EXERCISE GOAL: When you reproduce the listing, keep every word as it is and drop the pictures.

INFORMATION PROVIDED:

◆ ◆ ◆ ◆ ◆

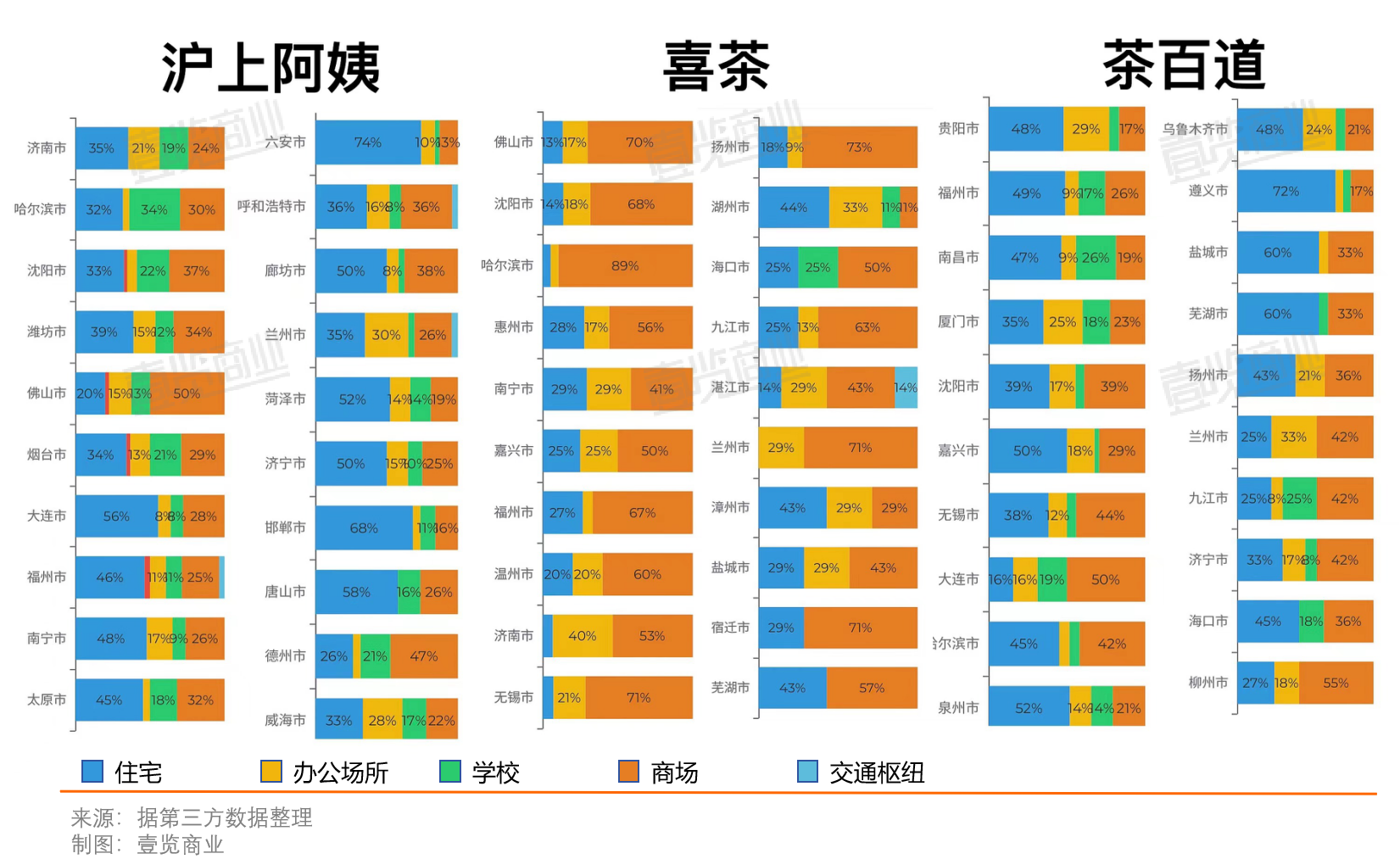 在部分非一線城市,壹覽商業(yè)也將喜茶與茶百道、滬上阿姨的門店具體分布進行橫向?qū)Ρ劝l(fā)現(xiàn),在非一線城市,喜茶的品牌優(yōu)勢能幫助其獲得各地優(yōu)質(zhì)商圈的點位,可以重抓商場店,搶占市場高地。
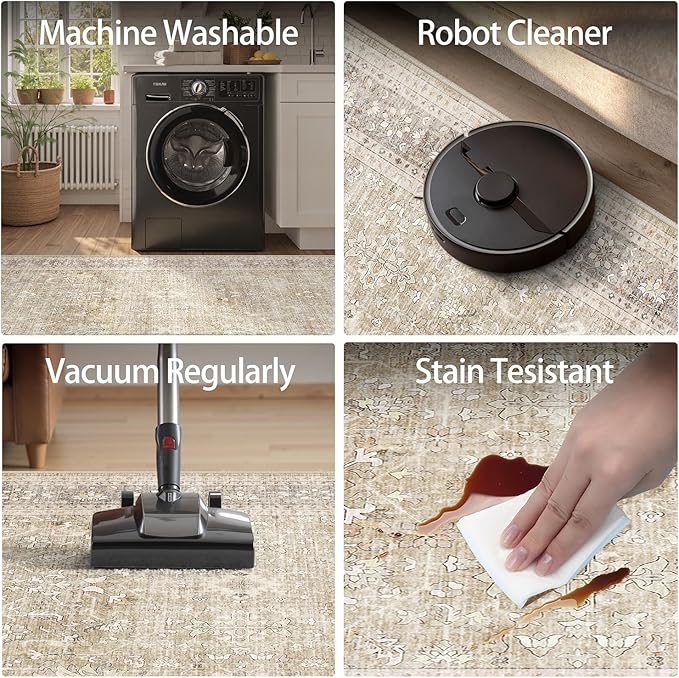 - 【Ultimate Kids & Pets Area Rug Defense】Vintage neutral beige 8x10 area rug living room low-pile 1/4" thickness actively resists pet hair, dander, and spills—stains wipe away instantly. gentle on paws/claws, low pile 8x10 area rugs beige prevents chewing damage and floor scratches, making it the ideal kids & pets friendly beige washable rug 8x10.
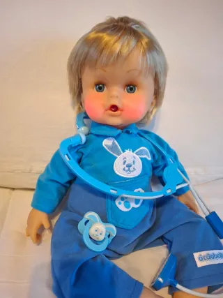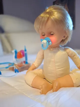 Bambola Cicciobello Bua, perfetta per i più piccoli. Funzionante 3biberon 1stetoscopio 1siringa 1termometro İ biberon hanno perso l'adesivo - Bambola con ciuccio. - Vestitino beige. - Capelli biondi.

◆ ◆ ◆ ◆ ◆

WORKED SOLUTION:
 在部分非一線城市,壹覽商業(yè)也將喜茶與茶百道、滬上阿姨的門店具體分布進行橫向?qū)Ρ劝l(fā)現(xiàn),在非一線城市,喜茶的品牌優(yōu)勢能幫助其獲得各地優(yōu)質(zhì)商圈的點位,可以重抓商場店,搶占市場高地。
 - 【Ultimate Kids & Pets Area Rug Defense】Vintage neutral beige 8x10 area rug living room low-pile 1/4" thickness actively resists pet hair, dander, and spills—stains wipe away instantly. gentle on paws/claws, low pile 8x10 area rugs beige prevents chewing damage and floor scratches, making it the ideal kids & pets friendly beige washable rug 8x10.
 Bambola Cicciobello Bua, perfetta per i più piccoli. Funzionante 3biberon 1stetoscopio 1siringa 1termometro İ biberon hanno perso l'adesivo - Bambola con ciuccio. - Vestitino beige. - Capelli biondi.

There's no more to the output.